Sprained Ankle : Tennis Injuries

There are five main inner and outer ligaments in the ankle that consist of soft tissue connecting the bones in the ankle that hold the joints together for foot movement. The five ligaments in the ankle are called the posterior tibiofibular, anterior tibiofibular, lateral (collateral), bifurcate, and medial (deltoid). A sprained ankle occurs when you twist your ankle during a sport like tennis, stretching or tearing one of these ligaments. The severity of the sprain depends on the damage to the ligament.

Symptoms of Sprained Ankle

During a tennis match, you may feel sudden pain and restricted movement in your ankle if the ligament is torn or snaps. Some people actually hear the snapping sound and then cannot stand on the affected foot without losing balance. Shortly after the sensation of pain, stiffness follows due to the swelling of the ankle. Bruising may develop at a slower rate but will surround the inflated ankle area.

Causes of Sprained Ankle

An inversion sprain is the most common sprained ankle injury and happens when the sole of your foot twists inwards, compressing the ligaments on the inside, such as the medial (deltoid) ligament, pulling or overextending the outer ligaments of the ankle. In tennis, players have to run from one side of the court to the other, changing direction rapidly to strike the ball with their racquets. This abrupt change in direction or repetitive stopping and starting can cause a sprained ankle injury.

Once you have had a sprained ankle injury, the ligaments in the ankle are weaker and reoccurrence is highly probable. A sprained ankle can then occur from walking on uneven ground or up and down stairs en-route to the tennis court. Tennis players should avoid wearing shoes causing discomfort or loss of balance outside of playing tennis because of their susceptibility to ankle injury.
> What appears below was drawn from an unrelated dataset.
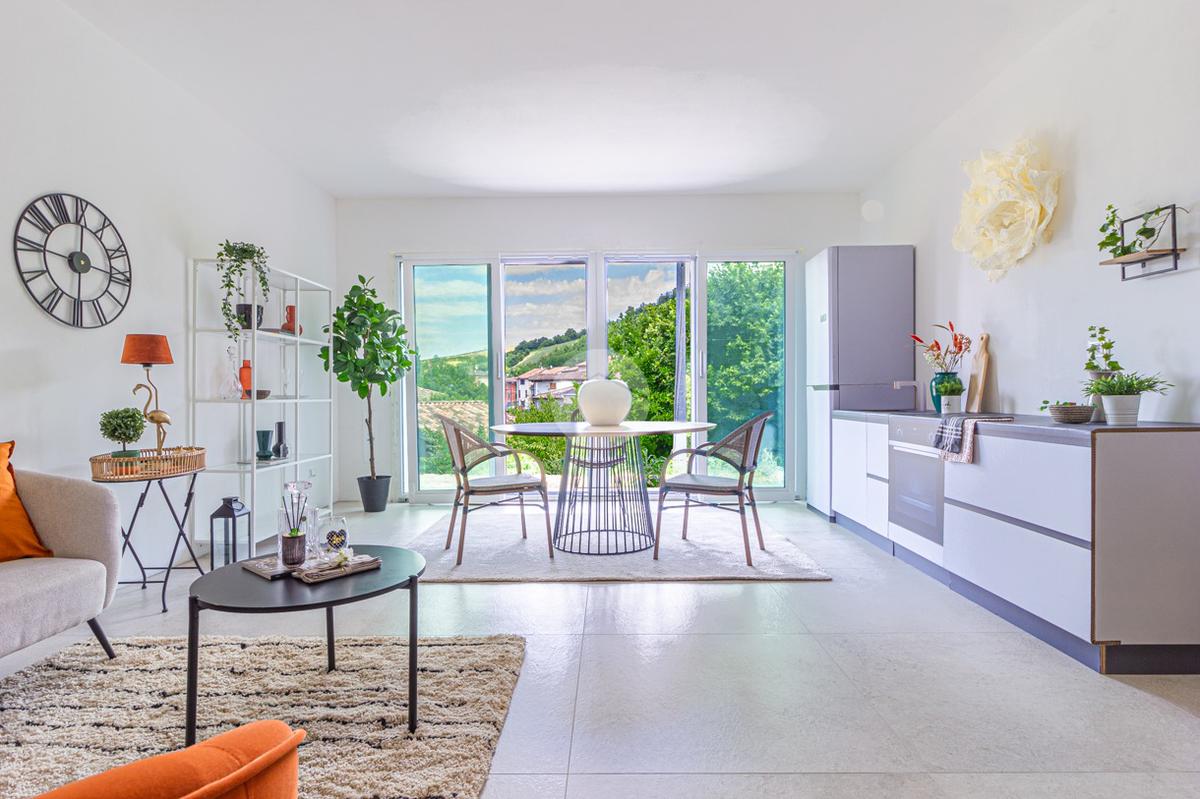 Soluzione ottimizzata secondo le più recenti normative edilizie in merito all'antisismica, riscaldamento in pompa di calore senza allaccio alla rete metano, infissi con triplo vetro, impianoto fotovoltaico.

Self Treatment of Sprained Ankle

When the ankle sprain is not that severe some tennis players choose self-remedy to treat the ankle, such as raising and resting the hurt foot, or immediately applying an ice-pack for up to 72 hours in intervals of fifteen to twenty minutes, every two to three hours. They may also bandage the sprained ankle to compress swelling and wear shoes that lace up high for support.

Avoiding playing further tennis until the pain subsides and gentle exercise thereafter is recommended. Paracetamol can be used to reduce pain, but no non-steroidal anti-inflammatory drugs (NSAID) or creams should be used after the injury because the inflammation is what aids healing and these NSAID drugs and creams will reduce inflammation that will impede healthy recovery. Ask your local pharmacist for advice if necessary.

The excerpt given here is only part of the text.